We came to the realization this morning that we had no way to make our flight out of Cusco in a few days because the train back to Ollantaytambo didn’t give us enough time to drive from Ollantaytambo to Cusco. While the web articles say this is a 45 minute drive, in reality current road conditions make it a two hour drive. So we were going to have to change our train tickets. Moreover, advice from Lyle and Lilly (B&B owners) indicated that Agua Caliente (the town just outside Machu Picchu) is so small it’s not worth staying there a full two days. So a small scramble ensued while Lilly called our Agua Caliente hotel and got them to release us from our last night there, and then called another hotel in Ollantaytambo to make a reservation. We then were able to change our train tickets when we arrived at the Ollantaytambo train station.
Lyle drove us to the Ollantaytambo train station, along the way we passed the largest lake in the area. There was a family plowing their field with oxen.
Just outside Ollantaytambo Lyle pulled off the side of the road and made us all get out and look up. If you look carefully in the lower right side of this picture you will see climbers scaling this cliff. Their goal is to reach the pod like structures you see at the top left. This is a hotel. Each pod has two bedrooms – one on each end, with a common area/dining table in the middle. When you get there they serve you a nice dinner with a bottle of wine. In the morning you take a zip line back down. Not for us.
We then road the PeruRail train to Agua Caliente. There are lots of restaurants, hotels, and massage/spas here as the only purpose of this town is to support the 2 Million visitors a year to Machu Picchu.
The view from our the Terrazas Del Inca hotel was out over the Andes Mountains.

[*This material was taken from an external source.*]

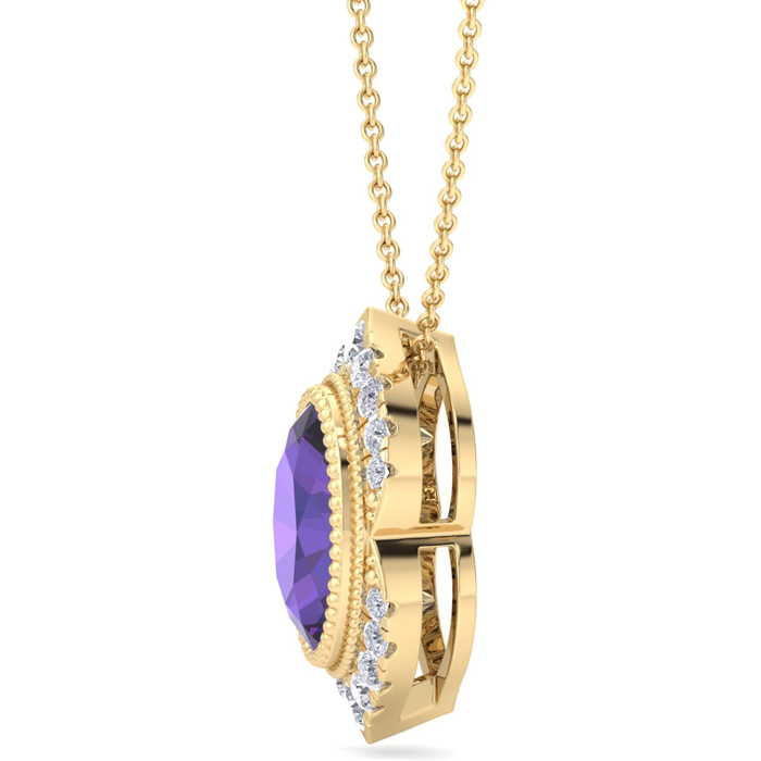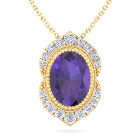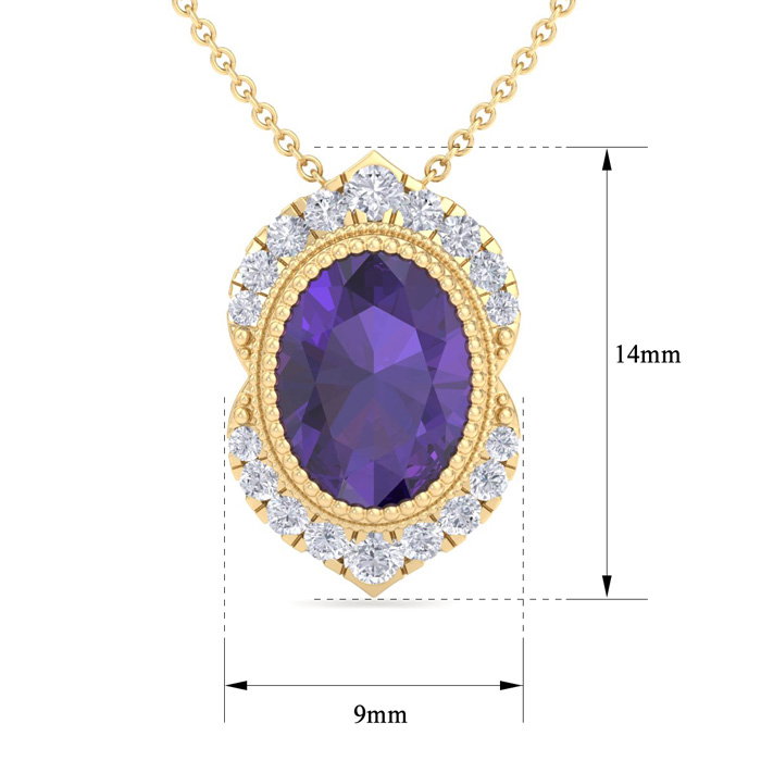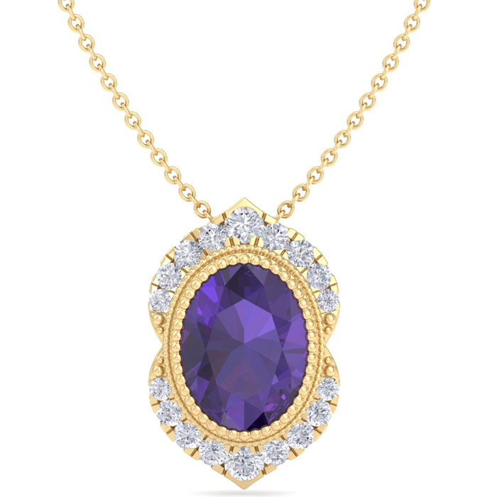 1 1/5 Carat Oval Shape Amethyst and Diamond Necklace In 14K Yellow Gold

Then it was time to head for dinner. We had made reservations at a place called “Tree House”, it turned out to be pretty good food. Food in Peru tends to be fairly inexpensive, but here in Agua Caliente things are a bit more expensive because everything has to come in by train. But even with that, it’s still less expensive than US prices.
On our way back from dinner, Mike took off his camera lens cover and promptly dropped it through a street grate. This little girl saw what happened and grabbed the giant grate and muscled it up so Mike could retrieve the lens cover. She could barely hold it up, but she was determined. We had to get a shot of her and Mike, and we had intended to give her a dollar or something but after the picture she dashed off.
Its election time here in Peru. So there were political signs up everywhere and political rally’s all over the place. We learned a number of interesting things about the elections. It’s mandatory to vote – they fine you if you don’t show up. They don’t allow the sale of alcohol two days before the elections. We also noticed that the election posters often had “X” marks all over them. We thought at first this was a way for opponents to mess up the other guy’s signs or something. However, it turns out that because so much of the population is illiterate, they use pictographs on the voting ballots to represent each candidate. So the “X” says – “put your X here to vote for me”.
In Peru no one or two parties have the majority of the vote, so there are lots of candidates on the ballot and who wins often comes down to a handful of votes. Because the elections are only days away the final pressure was on to advertise candidates. Again, because so much of the population is illiterate, elections are largely won based on who can throw the best party in your local town prior to the election. Even in the small town of Agua Caliente, there were multiple rally’s going on tonight. This video shows what one looked like. And for anyone worried that maybe there was any violence or anything like that, be sure to note the balloons and kids near the end of the video. It’s a bit more like the circus coming to town than a political rally. We saw clowns, bands, and all manner of entertainment walking the streets.
The only downside to all this partying was that they partied ALL NIGHT. Yes, really, all night long. So when we arose the next morning for our trip up the mountain to see Machu Picchu, none of us had a good night’s sleep.
The guide that was to take us to Machu Picchu met us at our hotel to discuss plans for the following day. He checked our tickets to make sure we had the right tickets to get into the park, and we agreed to meet early at the hotel and depart together from there.